The total additional spending to shore-up economic growth in 20 major economies is set to exceed US$ 1.9 trillion, of which US$ 795 billion has been ear-marked for construction. Most of this will be spent in 2009 and 2010, however schemes such as Brazil’s housing-focussed package will be longer term.
Of all the major economies, China’s extra investment in construction will be the most over the next two years, with US$ 450 billion of its US$ 585 billion stimulus package earmarked for infrastructure. That investment of US$ 225 billion per year for two years is equivalent to an extra +40% boost to China’s US$ 540 billion per year construction output.

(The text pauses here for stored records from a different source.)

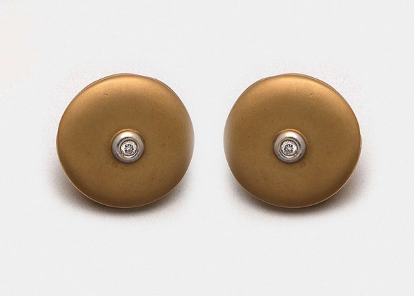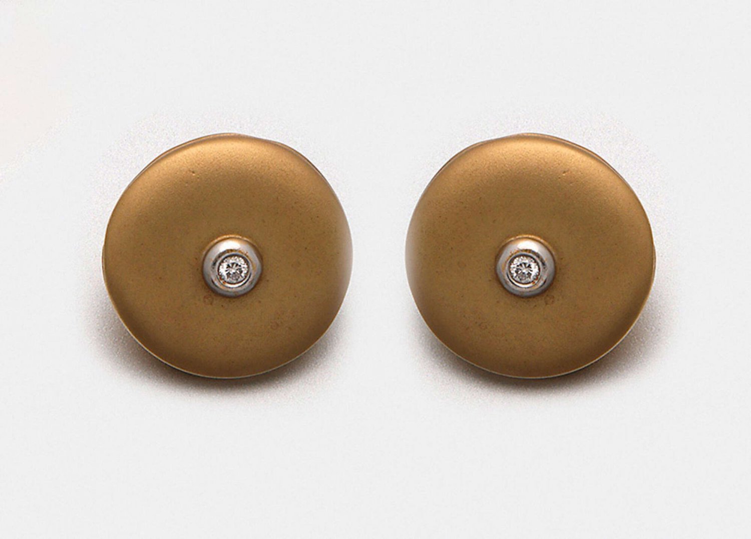 Paar moderne Brillant-Ohrringe Gelbgold, gest. 585. Zentral besetzt mit jeweils einem Brillanten von zus. ca. 0,08 ct.; Ges.-Gew. ca. 11,41 g.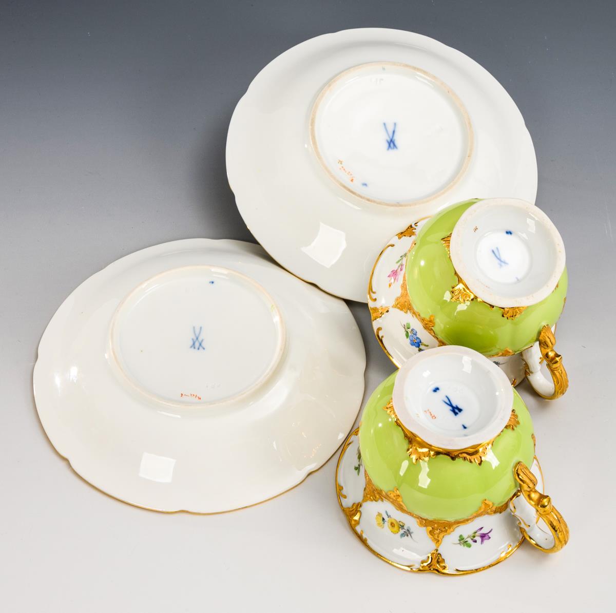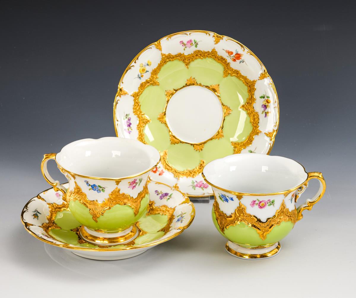 4 Teile. 2 Kaffeetassen und 2 Untertassen mit hellgrünem Teilfond, polychromer Streublümchenmalerei und Goldbronzierung. Haarriss in 1 Henkel.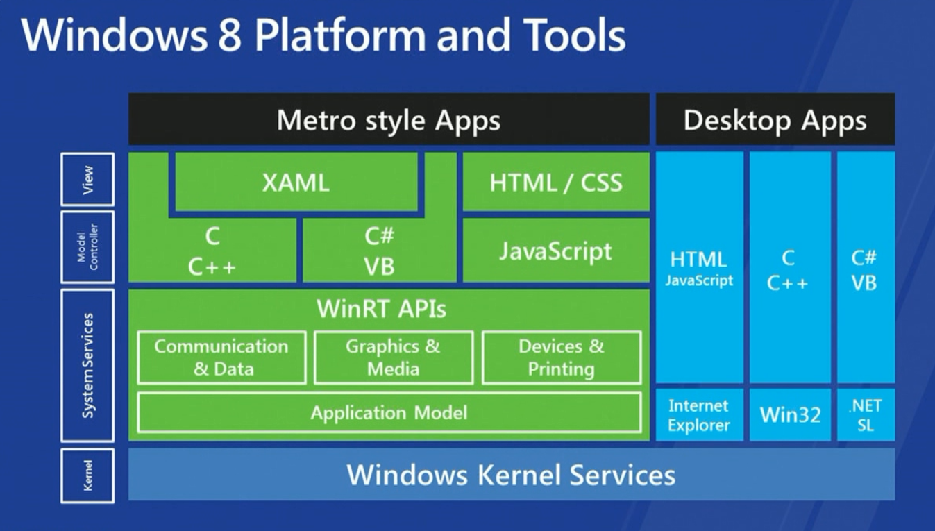 Нынешняя сборка Windows 8 не зря называется Developer Preview. Ее задача — продемонстрировать Metro независимым разработчикам, но не просто пользовательский интерфейс, а новую концепцию приложений для Windows. Основу последней составляет набор API под названием WinRT (Windows Runtime), совершено независимый от нынешних Win32 и .NET.

Details of the US stimulus package are yet to be finalised, but current indications are that US$ 120 billion out of the total of US$ 800 billion will be invested in transport and energy infrastructure.
In Europe, Germany has unveiled a EUR 50 billion (US$ 65 billion) stimulus package, of which some €EUR 18 billion (US$ 23.4 billion) will be invested in infrastructure.Meanwhile France has announced it will invest €EUR 10.5 billion (US$ 14 billion) in infrastructure and public works and Spain’s stimulus package includes EUR 11 billion (US$ 14.5 billion) for similar schemes.
Elsewhere in the world, smaller developing economies are also planning to spend extra on construction during the economic downturn. These include Chile, which has allocated an extra US$ 700 million to public works this year and Indonesia, where a stimulus package is also planned.
Besides funds earmarked for construction, many other countries have less specific stimulus packages on the table for this year which are expected to provide a major boost to the industry. Mexico for example plans to invest US$ 54 billion to see it through the global downturn this year, and most of the spending is expected to go on infrastructure.